──────── Exercise input
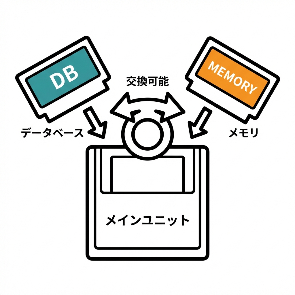 • 外側:DB版やインメモリ版を 契約に従って実装 する🧰
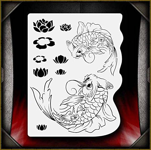 This Multi Composition stencil contains two highly detailed koi fish, as well as different styles of lotus and lily flowers in various sizes. Everything you need to create a beautiful koi pond in one stencil. Perfect for all airbrush experience levels. These will be a valuable aid for beginners to gain useful experience and will help professionals save valuable time. Our stencils are perfect for advanced professionals and beginners, ideal for every use and in high demand among airbrush and tattoo artists, US car and motorcycle customizers, and even leading clothing brands. Everyone can benefit from each of our products and future hot designs in development can significantly shorten the process of becoming an airbrush expert. We provide stencils in top laser quality, with the hottest trending lettering and graphic designs, as well as in the textile and advertising industries. All professional designs are reusable precision laser cut and made out of solvent proof thick mylar material. The clean laser cut edges of this design allow you to create quick, consistent and repeatable highly detailed professional artwork. Unlike our competitors with inferior clip-art and traditional designs, we create only high quality and unique designs that will outlast the others. Suitable for motorcycles, cars, tattoos, cake decorating, t-shirts, arts, and all kinds of DIY projects. From our Multi Composition line of stencils.
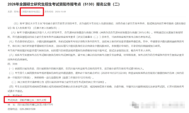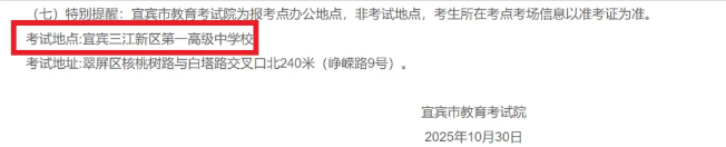 考试地点:宜宾三江新区第一高级中学校。(特别提醒:宜宾市教育考试院为报考点办公地点,非考试地点,考生所在考点考场信息以准考证为准。)
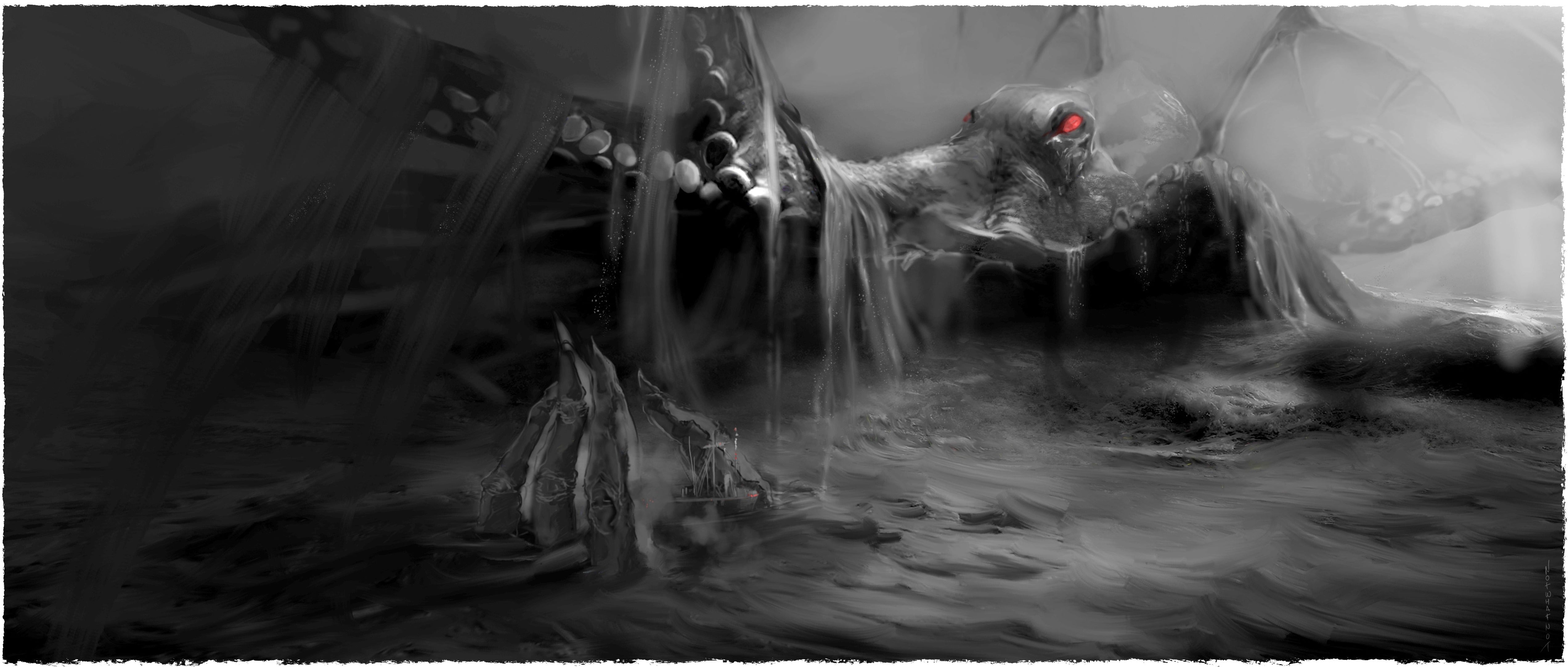 Cthulhu rises from the depths, a colossal kraken-like figure commanding the ocean with terrifying presence. Cradled in its immense palm is a lone fisherman’s boat, dwarfed and fragile against the cosmic power above. Water cascades from the creature’s head in silvery torrents, while a subtle red glow from its eyes mirrors the faint red lights on the vessel, heightening the tension between human vulnerability and otherworldly might. Rendered with haunting detail, the piece captures the sublime terror and mesmerizing beauty of a world where myth and reality converge.
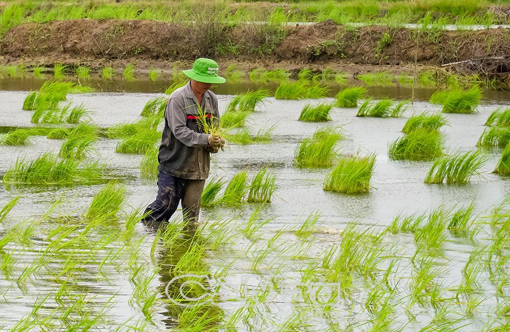 Người dân xã Nguyễn Phích làm đất chuẩn bị gieo mạ, cấy một vụ lúa trên đất nuôi tôm.
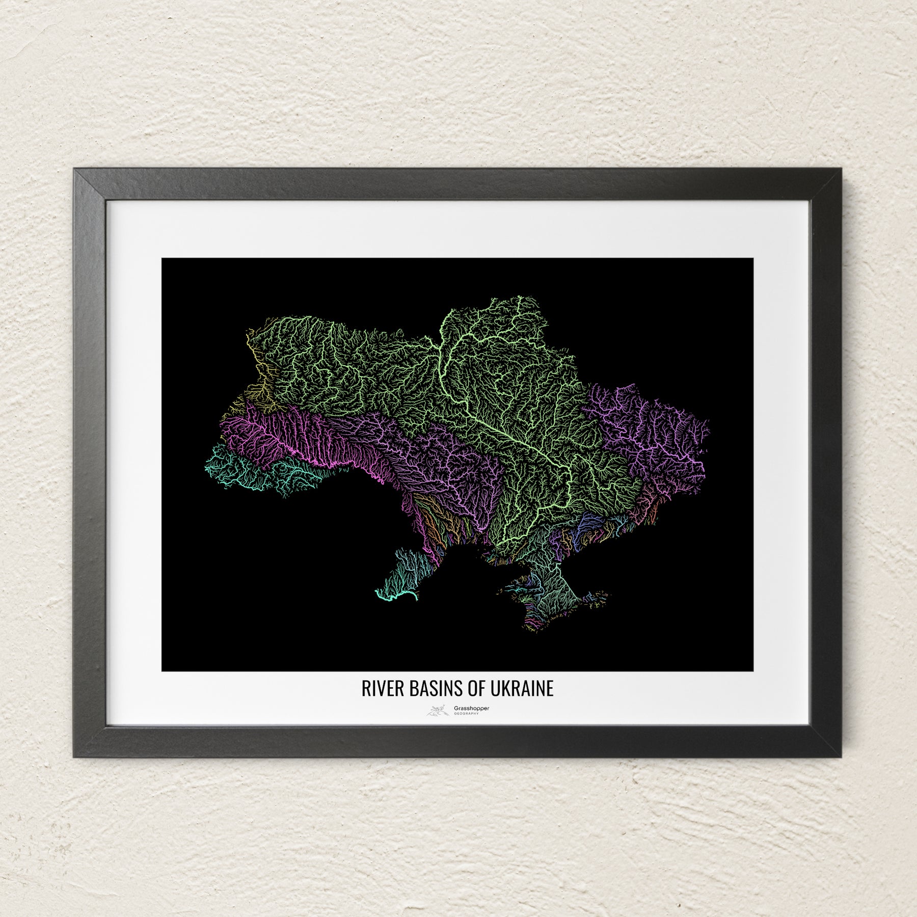 Ucrania - Mapa de cuencas fluviales, colores pastel - Arte mural
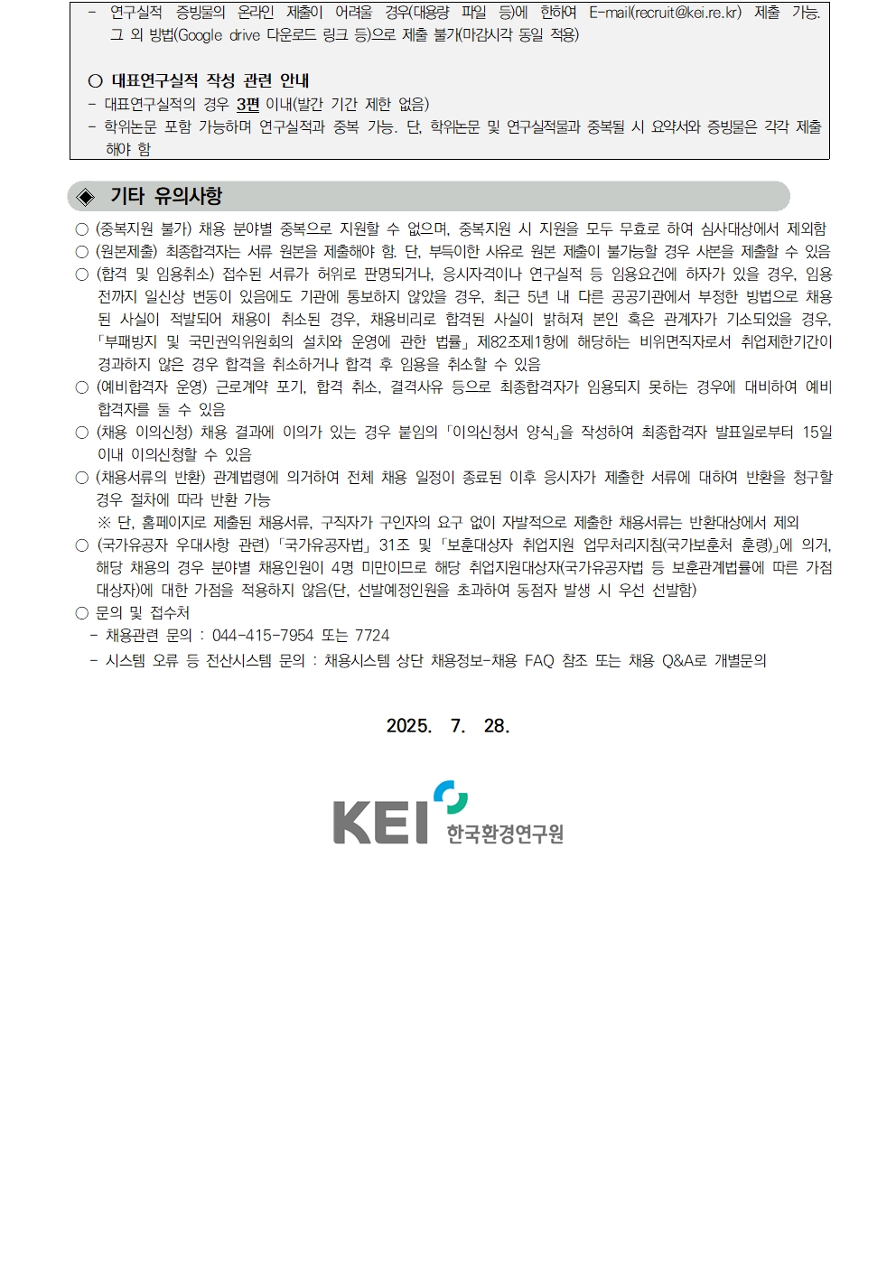 [한국환경연구원] 2025년 제2차 인력채용(연구직) 공고(부연구위원)
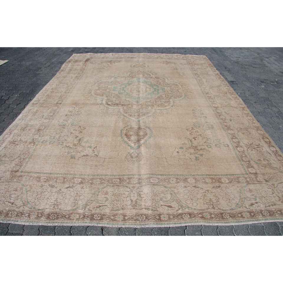 Alfombra de 9.6x12.8 pies, Alfombra Turca Vintage, Alfombra Marrón con Puntos Azules
────────────────
Pictures must be left out of the answer, which should be exactly the lines from the one holding "Người dân xã" through the last line of the entries above, both included; please add nothing.

#### [Result of the task]
 Người dân xã Nguyễn Phích làm đất chuẩn bị gieo mạ, cấy một vụ lúa trên đất nuôi tôm.
 Ucrania - Mapa de cuencas fluviales, colores pastel - Arte mural
 [한국환경연구원] 2025년 제2차 인력채용(연구직) 공고(부연구위원)
 Alfombra de 9.6x12.8 pies, Alfombra Turca Vintage, Alfombra Marrón con Puntos Azules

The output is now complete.